It has been estimated that 2.2 million wounds are treated in the UK each year, costing the NHS more than £5 billion (Guest et al, 2015). GP and nursing time accounts for the majority of the costs, but it is estimated that approximately £1.39 billion is spent on antibiotics. Many patients present with chronic wounds (about 60%) with some remaining unhealed after 12 months (Guest et al, 2017). Many conditions can predispose people to wounds that are difficult to heal and these can become chronic unless the underlying causes are addressed. As an example, people with diabetes have a high incidence of wounds on their feet, which can be hard to heal (Vowden, 2011).
Modern molecular techniques have shown that more than 80% of chronic wounds are colonised with biofilm (an aggregate of microorganisms embedded within a self-produced matrix of extracellular polymeric substances attached to the wound tissues) (Malone et al, 2017). Biofilm prevents healing (Wolcott et al, 2008), and has a protective function, which renders wounds unresponsive to topical and/or systemic antimicrobial treatment (Costerton et al, 1981).
Conversely, acute wounds usually heal without complication within 10 days and, if they become infected (approximately 5% depending on type and site) (Public Health England, 2019), they are usually infected with a single microorganism (Dowd et al 2008), which often responds to antibiotic treatment.
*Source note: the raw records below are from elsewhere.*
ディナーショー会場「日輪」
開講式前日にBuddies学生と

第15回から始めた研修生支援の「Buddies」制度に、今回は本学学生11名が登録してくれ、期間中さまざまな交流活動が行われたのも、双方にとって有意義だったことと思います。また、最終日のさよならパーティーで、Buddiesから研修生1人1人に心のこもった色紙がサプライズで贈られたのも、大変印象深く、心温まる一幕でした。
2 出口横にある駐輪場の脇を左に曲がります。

Most wound infections are caused by bacteria. Increasingly, common wound pathogens are becoming resistant to antibiotics and in the future we may have no antibiotics to treat severe infections (Howell-Jones et al, 2005). It is imperative that practitioners stop the unnecessary use of antibiotics, try alternative approaches to prevent and treat less severe infection and apply these principles to the use of topical antiseptics (Edwards-Jones, 2018).
Antimicrobial resistance (AMR) is causing concern globally and has become a priority for many health professionals. The World Health Organization (WHO) has issued a global action plan because it threatens ‘the very core of modern medicine as we know it’ (WHO, 2015). Effective antimicrobial agents are essential for protecting patients against infection from surgery and other infectious processes.
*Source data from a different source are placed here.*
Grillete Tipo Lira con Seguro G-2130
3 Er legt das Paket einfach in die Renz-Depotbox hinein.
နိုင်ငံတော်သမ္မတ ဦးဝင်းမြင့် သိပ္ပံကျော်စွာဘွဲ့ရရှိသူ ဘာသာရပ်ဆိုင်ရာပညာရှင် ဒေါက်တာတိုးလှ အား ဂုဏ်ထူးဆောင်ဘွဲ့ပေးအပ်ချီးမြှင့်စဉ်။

Unfortunately, misuse and overuse of antibiotics in human medicine and food production since they were introduced 70 years ago has created the current situation and has put everyone at risk. There is a dearth of new antibiotics and, if nothing is done to restrict the use of those that remain effective, there is a risk of returning to the pre-antibiotic era where simple infections could result in death. This necessitates immediate action and the implementation of antimicrobial stewardship in all healthcare professions as well as in food production and agriculture.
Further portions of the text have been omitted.